_EXCERPTED RECORDS_.
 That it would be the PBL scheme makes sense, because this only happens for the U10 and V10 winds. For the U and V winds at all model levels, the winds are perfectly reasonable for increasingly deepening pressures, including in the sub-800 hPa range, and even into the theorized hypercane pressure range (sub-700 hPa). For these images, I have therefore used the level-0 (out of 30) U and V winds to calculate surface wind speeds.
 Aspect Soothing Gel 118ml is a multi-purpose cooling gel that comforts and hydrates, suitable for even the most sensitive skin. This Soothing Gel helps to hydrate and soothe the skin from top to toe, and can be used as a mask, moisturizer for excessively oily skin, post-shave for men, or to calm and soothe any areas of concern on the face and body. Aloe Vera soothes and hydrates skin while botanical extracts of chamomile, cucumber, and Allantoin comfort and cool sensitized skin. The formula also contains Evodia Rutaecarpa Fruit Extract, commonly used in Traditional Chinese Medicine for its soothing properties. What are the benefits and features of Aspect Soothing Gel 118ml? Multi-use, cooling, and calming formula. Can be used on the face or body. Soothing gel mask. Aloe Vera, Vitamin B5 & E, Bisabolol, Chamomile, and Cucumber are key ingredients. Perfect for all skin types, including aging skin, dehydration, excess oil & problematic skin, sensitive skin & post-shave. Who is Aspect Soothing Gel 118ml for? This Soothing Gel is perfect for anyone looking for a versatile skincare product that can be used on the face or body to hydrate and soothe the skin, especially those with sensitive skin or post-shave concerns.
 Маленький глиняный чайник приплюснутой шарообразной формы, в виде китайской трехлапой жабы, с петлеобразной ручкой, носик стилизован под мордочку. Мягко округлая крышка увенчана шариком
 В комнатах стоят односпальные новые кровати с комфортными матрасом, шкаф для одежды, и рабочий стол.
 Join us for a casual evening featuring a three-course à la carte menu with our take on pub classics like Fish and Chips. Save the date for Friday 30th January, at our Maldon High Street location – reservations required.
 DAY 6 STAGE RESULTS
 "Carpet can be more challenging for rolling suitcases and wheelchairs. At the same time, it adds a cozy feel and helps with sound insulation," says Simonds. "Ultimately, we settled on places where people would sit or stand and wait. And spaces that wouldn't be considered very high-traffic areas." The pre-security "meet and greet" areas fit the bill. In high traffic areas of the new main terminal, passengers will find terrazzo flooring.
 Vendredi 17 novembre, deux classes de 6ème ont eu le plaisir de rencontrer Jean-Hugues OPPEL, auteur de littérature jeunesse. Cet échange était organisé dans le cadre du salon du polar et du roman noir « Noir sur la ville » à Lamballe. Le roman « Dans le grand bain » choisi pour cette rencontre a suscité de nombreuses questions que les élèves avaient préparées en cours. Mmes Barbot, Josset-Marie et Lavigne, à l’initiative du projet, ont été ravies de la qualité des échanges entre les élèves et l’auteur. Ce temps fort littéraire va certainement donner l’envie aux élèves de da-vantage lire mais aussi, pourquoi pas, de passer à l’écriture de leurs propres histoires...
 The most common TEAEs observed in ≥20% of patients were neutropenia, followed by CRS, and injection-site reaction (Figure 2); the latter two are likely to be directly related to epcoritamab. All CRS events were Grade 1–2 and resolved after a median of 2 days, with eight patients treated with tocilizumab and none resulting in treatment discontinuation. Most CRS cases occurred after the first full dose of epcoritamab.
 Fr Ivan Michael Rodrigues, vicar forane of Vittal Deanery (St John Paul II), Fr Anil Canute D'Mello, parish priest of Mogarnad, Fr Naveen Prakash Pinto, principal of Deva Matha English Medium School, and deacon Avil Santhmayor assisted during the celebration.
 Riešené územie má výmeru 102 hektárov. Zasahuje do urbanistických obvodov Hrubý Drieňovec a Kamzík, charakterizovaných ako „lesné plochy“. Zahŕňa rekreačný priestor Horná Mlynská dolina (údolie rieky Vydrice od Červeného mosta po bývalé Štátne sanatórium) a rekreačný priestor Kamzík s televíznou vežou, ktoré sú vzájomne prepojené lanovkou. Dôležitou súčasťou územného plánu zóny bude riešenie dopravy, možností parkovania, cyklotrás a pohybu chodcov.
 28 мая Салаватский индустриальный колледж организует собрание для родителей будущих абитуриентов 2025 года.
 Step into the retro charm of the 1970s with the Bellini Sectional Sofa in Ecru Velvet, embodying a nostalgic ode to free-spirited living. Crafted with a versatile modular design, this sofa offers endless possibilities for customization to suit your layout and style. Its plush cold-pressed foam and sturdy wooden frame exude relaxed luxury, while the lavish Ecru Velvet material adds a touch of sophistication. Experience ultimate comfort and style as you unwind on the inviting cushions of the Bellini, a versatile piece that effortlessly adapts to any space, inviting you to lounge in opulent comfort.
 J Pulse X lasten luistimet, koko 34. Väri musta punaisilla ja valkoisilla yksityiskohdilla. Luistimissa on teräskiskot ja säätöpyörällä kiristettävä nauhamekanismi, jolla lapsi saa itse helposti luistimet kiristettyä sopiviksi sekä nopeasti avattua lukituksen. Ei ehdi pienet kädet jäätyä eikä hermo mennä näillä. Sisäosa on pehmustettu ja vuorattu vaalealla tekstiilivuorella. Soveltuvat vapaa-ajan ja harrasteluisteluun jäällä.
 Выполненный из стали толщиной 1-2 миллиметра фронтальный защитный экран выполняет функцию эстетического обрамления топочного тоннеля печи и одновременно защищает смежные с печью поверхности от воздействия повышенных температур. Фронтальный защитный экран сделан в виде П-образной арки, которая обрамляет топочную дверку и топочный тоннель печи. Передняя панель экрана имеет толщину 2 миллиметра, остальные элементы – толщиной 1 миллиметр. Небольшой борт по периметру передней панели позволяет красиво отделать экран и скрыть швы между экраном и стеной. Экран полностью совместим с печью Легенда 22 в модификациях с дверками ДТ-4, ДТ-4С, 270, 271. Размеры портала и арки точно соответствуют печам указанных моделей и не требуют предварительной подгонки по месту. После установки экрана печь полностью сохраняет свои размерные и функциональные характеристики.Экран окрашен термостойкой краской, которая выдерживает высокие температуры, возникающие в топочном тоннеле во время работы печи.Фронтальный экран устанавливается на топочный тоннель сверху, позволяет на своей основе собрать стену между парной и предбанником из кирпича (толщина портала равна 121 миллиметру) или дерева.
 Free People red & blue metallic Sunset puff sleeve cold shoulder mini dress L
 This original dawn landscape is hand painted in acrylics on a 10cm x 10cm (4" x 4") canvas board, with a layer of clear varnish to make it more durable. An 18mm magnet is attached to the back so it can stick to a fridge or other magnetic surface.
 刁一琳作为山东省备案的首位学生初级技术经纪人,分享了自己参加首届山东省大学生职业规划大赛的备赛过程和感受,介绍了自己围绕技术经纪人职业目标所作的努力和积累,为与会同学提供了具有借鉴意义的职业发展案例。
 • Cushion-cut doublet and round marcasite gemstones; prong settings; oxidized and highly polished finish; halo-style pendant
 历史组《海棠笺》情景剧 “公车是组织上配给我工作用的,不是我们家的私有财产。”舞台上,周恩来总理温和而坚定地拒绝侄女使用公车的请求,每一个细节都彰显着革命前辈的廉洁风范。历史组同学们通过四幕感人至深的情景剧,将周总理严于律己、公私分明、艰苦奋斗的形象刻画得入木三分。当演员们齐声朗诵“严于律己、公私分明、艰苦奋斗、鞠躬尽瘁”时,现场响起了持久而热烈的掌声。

_WHAT THE EXERCISE ASKS_. Output, unchanged, only the lines from the one that holds "This original dawn" through the last line of the material above.

_SOLUTION TO THIS PROBLEM_.
 This original dawn landscape is hand painted in acrylics on a 10cm x 10cm (4" x 4") canvas board, with a layer of clear varnish to make it more durable. An 18mm magnet is attached to the back so it can stick to a fridge or other magnetic surface.
 刁一琳作为山东省备案的首位学生初级技术经纪人,分享了自己参加首届山东省大学生职业规划大赛的备赛过程和感受,介绍了自己围绕技术经纪人职业目标所作的努力和积累,为与会同学提供了具有借鉴意义的职业发展案例。
 • Cushion-cut doublet and round marcasite gemstones; prong settings; oxidized and highly polished finish; halo-style pendant
 历史组《海棠笺》情景剧 “公车是组织上配给我工作用的,不是我们家的私有财产。”舞台上,周恩来总理温和而坚定地拒绝侄女使用公车的请求,每一个细节都彰显着革命前辈的廉洁风范。历史组同学们通过四幕感人至深的情景剧,将周总理严于律己、公私分明、艰苦奋斗的形象刻画得入木三分。当演员们齐声朗诵“严于律己、公私分明、艰苦奋斗、鞠躬尽瘁”时,现场响起了持久而热烈的掌声。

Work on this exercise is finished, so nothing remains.